[DATASET ENTRIES Boundary: Start]

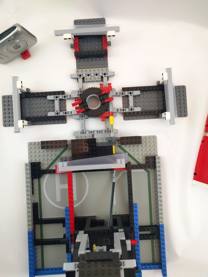 BusterHaus Posted March 24, 2017 Author Posted March 24, 2017 I built a platform taking pictures used in stop motion animation. Some features: Platform can rotate Camera can tilt Camera is mounted on a quick-mount bracket to make battery changes much easier. This required the drilling of two plates. The table is rotated as follows: 8 tooth gear is connected to a manually operated lever 8 tooth gear drives 24 tooth gear 24 tooth gear has a 2L worm gear on the same axle 2L worm gear drives the old-style large turntable The result is a very slowly moving table which is helps cover differences in the rotation angle. The platform is made of two layers of panels stacked together. It's very rigid and is covered with white paper. The platform is supported by 4 beams, which makes it more stable than wheels, but increases friction during rotation. To reduce the friction, I added clear tape (Scotch Tape) on top of the support beams. I also pulled or pushed the platform gently as it was rotated, to make sure that it was always at the end of the physical travel. The camera tilt is controlled through two small linear actuators. Play in the tilt mechanism is eliminated with red rubber bands. There is also a position lock on the other side of the adjustment shaft. The result is this: Quote
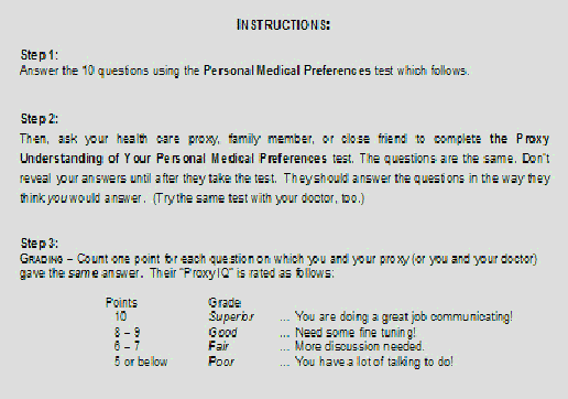 How well does your family, proxy, or doctor know your health care wishes? This short test can give you some sense of how well you have communicated your wishes to them. Consider this a tool to promote better conversation and understanding.
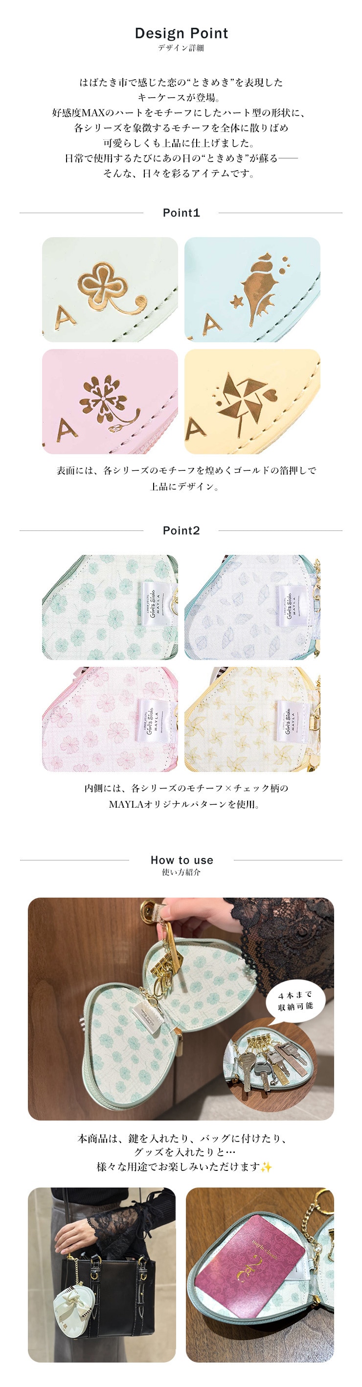 はばたき市で感じた恋の“ときめき”を表現したキーケースが登場。好感度MAXのハートをモチーフにしたハート型の形状に、各シリーズを象徴するモチーフを全体に散りばめ可愛らしくも上品に仕上げました。
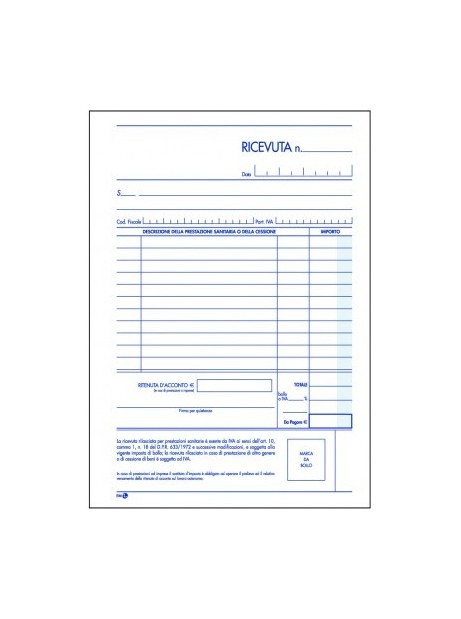favorite_border Aggiungi alla Wishlist Quick view Carrello Modulistica Ricevuta Sanitaria A5 Registro onorari e fatture Duplice 2 copie 15x21cm Mod.912 Prezzo 2,30 € Ricevuta Sanitaria A5 15x21 cm 2 copie Mod.912
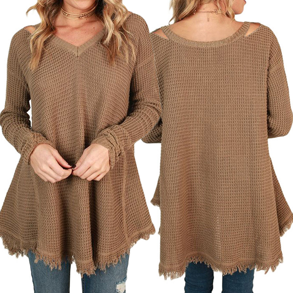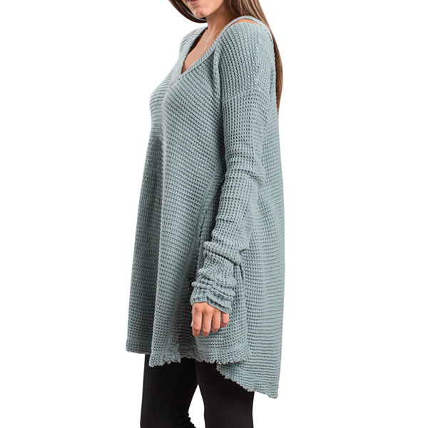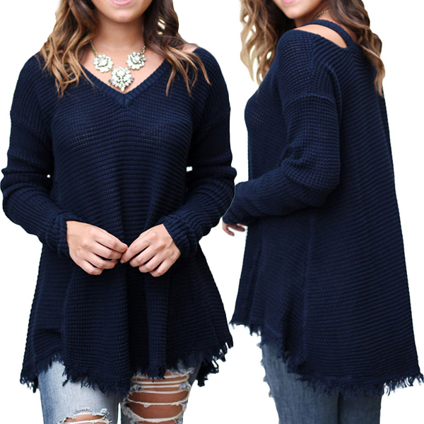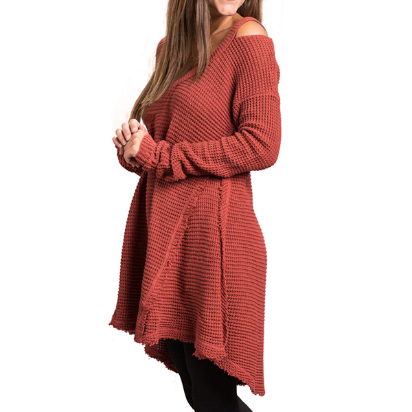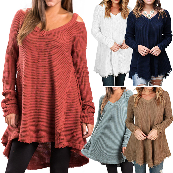 Invite this sweater to your wardrobe to give it a seasonal update. Solid color style,the off-shoulder and v-neck design
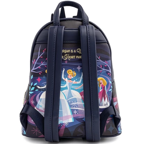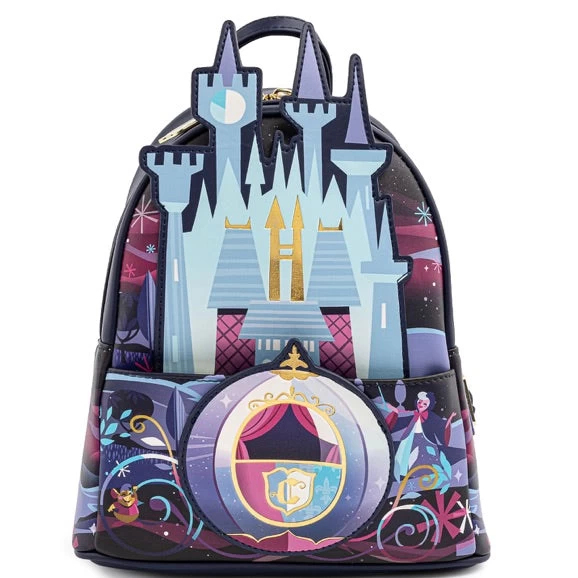 Loungefly Disney Cinderella Castle Series Mini Backpack W: 9″ X H: 10.5″ X D: 4.5″ Faux Leather Mini Backpack. Applique, Embroidered, Enamel Zipper Charm, And Printed Details. This Item Is A Backorder Expected Nov 2021
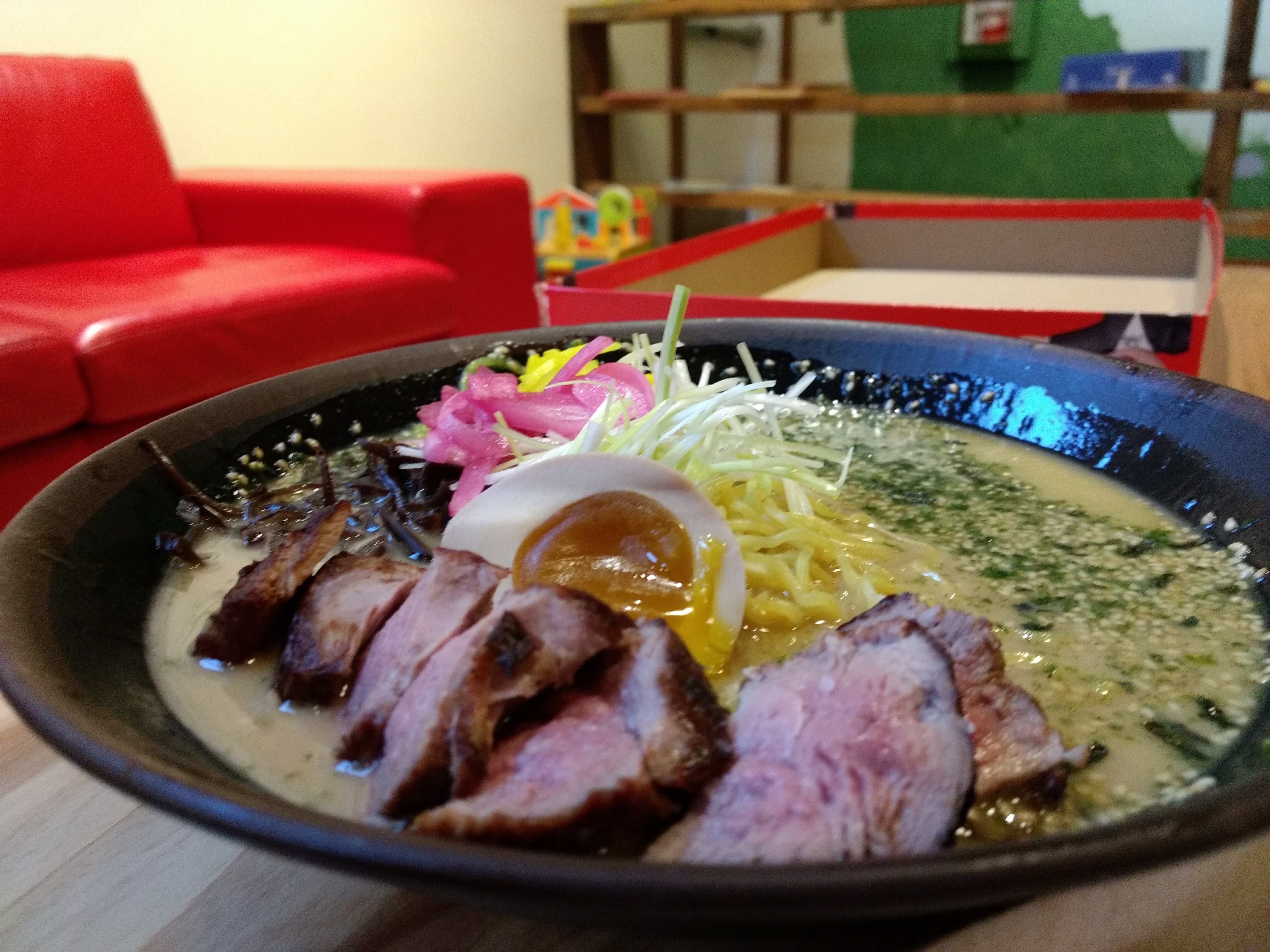 The space is welcoming and fun. You order at the counter. The menu is incredible. I wished there had been more than two of us so we could order one of everything. Alas, we had to limit ourselves and we got the Duck Gyoza, Housemade Pickles and Tonkotsu Ramen with added Duck Confit. We grabbed our drinks, I got a pint of Brown Ale and my son got Yuzu-Lemon-Basil soda, and headed to the big red couches, grabbed Monopoly and settled in.

[DATASET ENTRIES Boundary: End]

- THE TASK:
All lines from the one containing "Loungefly Disney Cinderella" through the final line of the records are to be retyped exactly; no other lines and no pictures are to be included.

- FINAL ANSWER:
 Loungefly Disney Cinderella Castle Series Mini Backpack W: 9″ X H: 10.5″ X D: 4.5″ Faux Leather Mini Backpack. Applique, Embroidered, Enamel Zipper Charm, And Printed Details. This Item Is A Backorder Expected Nov 2021
 The space is welcoming and fun. You order at the counter. The menu is incredible. I wished there had been more than two of us so we could order one of everything. Alas, we had to limit ourselves and we got the Duck Gyoza, Housemade Pickles and Tonkotsu Ramen with added Duck Confit. We grabbed our drinks, I got a pint of Brown Ale and my son got Yuzu-Lemon-Basil soda, and headed to the big red couches, grabbed Monopoly and settled in.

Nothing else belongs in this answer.